#### Exercise goal
When the line containing "MASTERS ELECTRICAL SERVICES" appears in the data below, begin copying there and stop only after the line containing "Driving Behaviour by OBD (BLE)".

#### Supplied records
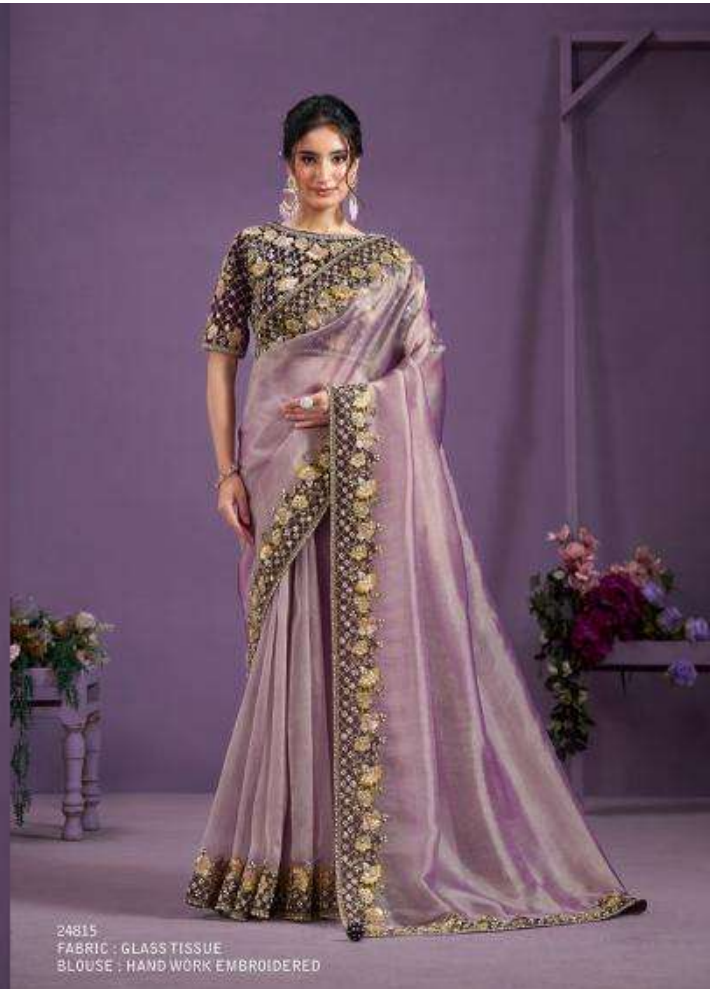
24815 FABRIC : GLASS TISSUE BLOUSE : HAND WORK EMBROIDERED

==

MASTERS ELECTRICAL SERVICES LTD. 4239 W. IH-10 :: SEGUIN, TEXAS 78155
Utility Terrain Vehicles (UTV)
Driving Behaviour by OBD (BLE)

#### Answer section
MASTERS ELECTRICAL SERVICES LTD. 4239 W. IH-10 :: SEGUIN, TEXAS 78155
Utility Terrain Vehicles (UTV)
Driving Behaviour by OBD (BLE)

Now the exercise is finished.